Une déclaration au relent de guerre contre le régime syrien prononcée devant des milliers de fidèles samedi au Caire. Les avis sont partagés. Du côté de Damas, on condamne une décision
« irresponsable ».
« La Syrie condamne cette position irresponsable qui reflète la volonté de Mohamed Morsi de mettre en place l’agenda de la Confrérie Musulmane. La Syrie reste convaincue que le parti des Frères Musulmans égyptiens fera tomber ces genres de politiques et leurs graves conséquences sur la région », ont réagi les autorités syriennes. Avant d’ajouter : « Mohamed Morsi vient ainsi de se joindre à un groupe de comploteurs dirigé par les Etats-Unis, l’Israël contre la Syrie ».
« Une vraie farce »
Si la Syrie dénonce les propos « irresponsables » de Mohamed Morsi, l’opposition égyptienne parle de farce. Certains tels que Nader Bakki, vice-président des Affaires médiatiques pour la mouvance salafiste Al-Nour, souligne une déclaration contradictoire à celle prononcée à Moscou appelant à défendre le gouvernement de Bachar Al-Assad.
Et d’autres dénoncent le caractère comique de cette position.
« Le discours était une vraie farce pour menacer ceux qui voudront protester le 30 juin », affirme Heba Yassin, Porte-parole du parti de l’opposition Al-Tayar Al-sha’aby. « Malgré tous ses discours, sa cote de popularité ne cesse de décroître. Ce qui prouve encore une fois son incapacité à gérer le pays. Les islamistes ne voient que l’aspect sectaire du conflit syrien, c’est-à-dire entre Chiite et Sunnite. Ils ne voient pas que c’est un soulèvement contre un régime dictateur ».
Stratégie politique ?
Décision sérieuse ou manœuvre purement politique ? Mohamed Morsi n’est pas à sa première sortie médiatique sur le dossier syrien. En août 2012, lors de son déplacement au sommet des non-alignés à Téhéran, le président égyptien dénonce le régime « oppressif » de la Syrie.

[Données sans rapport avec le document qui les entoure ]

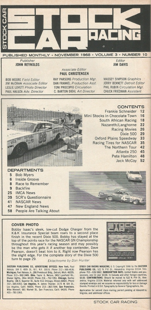 STOCK CAR RACING 1968 NOV - HAMILTON, SCHNEIDER

Une dénonciation qui avait profondément choqué les représentants syriens présents au sommet. La délégation syrienne quitte la salle pour protester contre le discours de Mohamed Morsi. « La délégation syrienne a quitté pour protester contre le contenu du discours de Morsi qui est une ingérence dans les affaires intérieures syriennes et une incitation à la poursuite du bain de sang en Syrie », avait affirmé Wallid Mouallem, chef de la diplomatie syrienne.
Le jeu de Morsi, en tournant le dos au régime syrien, reste toujours une énigme. Tactique politique pour plaire à Washington ? En tout cas, tout laisse à le croire. Au moment où le pays traverse une profonde crise financière, toutes les pistes, pour séduire l’Occident et sortir de l’ornière, semblent exploitables pour le président égyptien.